Немецкая дальнобойная — шальная, одна, с запада, накрыла окраину Сухарёва, где стоял медсанбат. Корнев услышал свист, рванул Нину в снег, накрыл собой — и разрыв встал в двадцати шагах, у соседней избы. Осколки, мёрзлые комья, дым.
Когда он поднял голову, у соседней избы, на снегу, лежал Брагин.
Дивизионный военврач, старый Брагин, который полтора месяца назад сказал Лагоде «этого хирурга я вам не отдам», который учился у Корнева без ревности и работал с ним в четыре руки, — вышел на крыльцо покурить после операции, после того, как они вдвоём вытащили Гордеева. И одного-единственного осколка той шальной дальнобойной хватило.
Корнев подбежал, упал на колени, перевернул — и понял, что здесь его руки уже не нужны. Сразу. В сердце. Брагин даже не успел ничего почувствовать.
Корнев стоял на коленях в красном снегу над стариком, с которым полтора месяца спасал людей, и не было ни боли в груди, ни кома в горле — была пустота, гулкая, холодная, та, что приходит, когда не успеваешь даже горевать. Война не давала горевать. Война давала только следующего раненого.
— Доктор. — Нина тронула его за плечо, и по голосу было слышно, что она плачет. — Доктор, там… ещё раненые от обстрела. Зовут.
Корнев закрыл Брагину глаза. Поднялся. Вытер руки о шинель.
— Иду, — сказал он.
И пошёл. К следующим. Потому что Брагину было уже не помочь, а тем, кто кричал у разбитой избы, — ещё можно. И это было всё, что Корнев мог сделать для старого военврача, — продолжить за него, не бросить тех, кого тот не дорезал.
Вечером он стоял над двумя свежими холмиками — Брагина и тех двоих из взвода Гордеева, что не вышли от Лужков. И думал коротко, отрубая длинное, как привык: Брагин. Запомнить. И этих. Всех. Цена. У всякого наступления есть цена, и платят её вот так — стариком на крыльце, взводом у деревни, шальным осколком в красный снег.
Своя война. Гордеев предупреждал: своих терять — нож в сердце. Корнев теперь знал, какой это нож.

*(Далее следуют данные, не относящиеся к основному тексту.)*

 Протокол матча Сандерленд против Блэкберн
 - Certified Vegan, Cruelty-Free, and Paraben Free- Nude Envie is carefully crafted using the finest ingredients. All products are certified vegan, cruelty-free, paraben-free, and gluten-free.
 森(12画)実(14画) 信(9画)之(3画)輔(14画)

Но он остался жив, Гордеев. Дышал в избе одним лёгким, но дышал. Уговор держался. До Берлина.
К февралю наступление окончательно встало.

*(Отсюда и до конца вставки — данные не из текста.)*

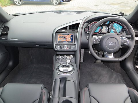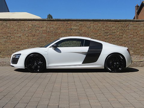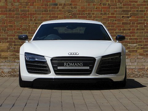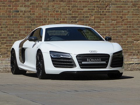 Ā Romans are proud to offer this 2013/62 used Audi R8 V10 Plus S-Tronic for sale presented in 'Ibis White' with Black Nappa Leather Interior. The V10 Plus model comes equipped with a huge amount of features including Ceramic Brakes and lots of Carbon Fibre to both the exterior and interior. Furthermore/, this particular example has the all-important Bang Olufsen Sound System option and is supplied with Audi's manufacturer's warranty until 2016.

Не приказом — само. Кончились силы. Дивизия, прошедшая с боями полторы сотни вёрст от Москвы, выдохлась, истончилась, встала. И весь огромный фронт под Москвой, рванувшийся в декабре на запад, к февралю замер — упёршись в немецкую оборону, которую немец успел построить, отойдя.
Линия фронта застыла причудливой петлёй, выступом, вдававшимся в немецкую сторону, — и в центре этого выступа были два города, два имени, которые Корнев знал и от которых у него холодело внутри.
Ржев. Вязьма.
Ржевско-Вяземский выступ. Корнев смотрел на штабную карту, на эту петлю, на эти два города в немецких руках, и видел не карту — видел то, что будет. Знал из будущего, из прочитанного, из своей прежней жизни. Что здесь, у этого выступа, у этого Ржева, начнётся самое страшное, самое кровавое и долгое стояние всей войны. Что год — весь сорок второй и кусок сорок третьего — здесь будут ходить в атаки и ложиться, ходить и ложиться, на одни и те же высоты, на одни и те же деревни, миллионами. Ржевская мясорубка. Самое имя — мясорубка.